Reproduce the failure:

# Fails with Operation not permitted
docker run --rm alpine sh -c 'mkdir -p /mnt && mount -t tmpfs tmpfs /mnt'

Minimal fix with least privilege:

# Add CAP_SYS_ADMIN and disable seccomp filtering for mount
# AppArmor unconfined is needed on many Ubuntu hosts
docker run --rm \
  --cap-add SYS_ADMIN \
  --security-opt seccomp=unconfined \
  --security-opt apparmor=unconfined \
  alpine sh -c 'mkdir -p /mnt && mount -t tmpfs tmpfs /mnt && mount | grep /mnt && umount /mnt'

If you must, use the sledgehammer:

# Broadest access; prefer targeted caps
docker run --rm --privileged alpine sh -c 'mount -t tmpfs tmpfs /mnt && umount /mnt'

Minimal working example (Dockerfile + run)

# Dockerfile
FROM alpine:3.20
RUN mkdir -p /mnt
CMD ["sh", "-c", "mount -t tmpfs tmpfs /mnt && echo 'mounted' && umount /mnt"]

Build and run:

docker build -t mount-test .
# Likely fails without privileges
docker run --rm mount-test
# Works with targeted privileges
docker run --rm \
  --cap-add SYS_ADMIN \
  --security-opt seccomp=unconfined \
  --security-opt apparmor=unconfined \
  mount-test

Common fixes by operation

Mount (tmpfs, bind, overlay):
- --cap-add SYS_ADMIN
- --security-opt seccomp=unconfined
- --security-opt apparmor=unconfined (host dependent)
FUSE (rclone, sshfs):
- --device /dev/fuse
- --cap-add SYS_ADMIN (often required for mount)
- seccomp=unconfined; apparmor=unconfined if needed
iptables, tc, routes:
- --cap-add NET_ADMIN --cap-add NET_RAW
- For sysctls: --sysctl net.ipv4.ip_forward=1 (host must allow)
Loop devices, mkfs:
- --cap-add SYS_ADMIN --cap-add MKNOD
- --device /dev/loop-control --device /dev/loop0 --device /dev/loop1 ...
ptrace, debuggers (gdb, strace):
- --cap-add SYS_PTRACE
- --security-opt seccomp=unconfined for broader ptrace
eBPF or perf:
- Often requires --privileged or a tuned seccomp profile plus CAP_BPF/CAP_SYS_ADMIN depending on kernel

Diagnose systematically (least-to-most invasive)
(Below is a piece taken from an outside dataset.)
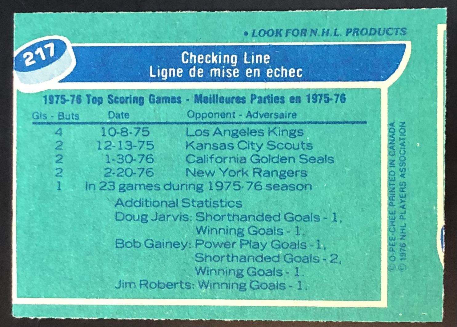 Card #217 NHL, hockey, OPC, vintage, hall of fame
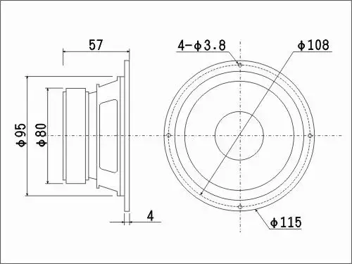 Диаметр раковины 115 мм, диагональное расстояние отверстия 108 мм, диаметр отверстия динамика> = 97 ~ 102 мм, общая высота 57 мм, диаметр магнита 80 мм, пожалуйста, будьте оптимистичны по поводу размера перед размещением заказа! Импеданс равен 8 Ом, пиковая мощность составляет 80 Вт, чувствительность 88dB, диаметр по индивидуальному заказу звуковая катушка наушников составляет 25 мм, а вес нетто составляет около 0,8 кг.

Check Docker mode and isolation:

docker info | grep -i rootless
If Rootless: some privileged ops (mounting block devices, creating device nodes) will never work. Consider rootful Docker.

Verify the attempted operation and syscall:

Look at the exact command failing and error. For mount, assume CAP_SYS_ADMIN + seccomp unconfined.
Optional: strace the command in a test container to confirm the blocked syscall.

Add the minimal capability:

docker run --cap-add <CAP> ...
List current caps inside a running container: cat /proc/1/status | grep CapEff

Address seccomp:

Default profile blocks some syscalls. Try --security-opt seccomp=unconfined as a test.
If that fixes it, adopt a custom, minimally-permissive seccomp profile later.

Address AppArmor/SELinux:

AppArmor: --security-opt apparmor=unconfined
SELinux (on Fedora/CentOS hosts): prefer correct labels on bind mounts (:z or :Z). If still blocked, test with --security-opt label=disable (privileged implies this).

Map required devices:

--device /dev/fuse, /dev/net/tun, /dev/loop* as needed
For TUN: also CAP_NET_ADMIN

Consider namespaces and userns:

If Docker daemon uses userns-remap, some host resources appear unprivileged. Test with --userns=host for the container, or disable remapping for that service.

As a last resort, use --privileged:

Validate the operation works, then iterate to least privilege (caps + device + profiles).

Kubernetes equivalents

For Pods, set securityContext and annotations.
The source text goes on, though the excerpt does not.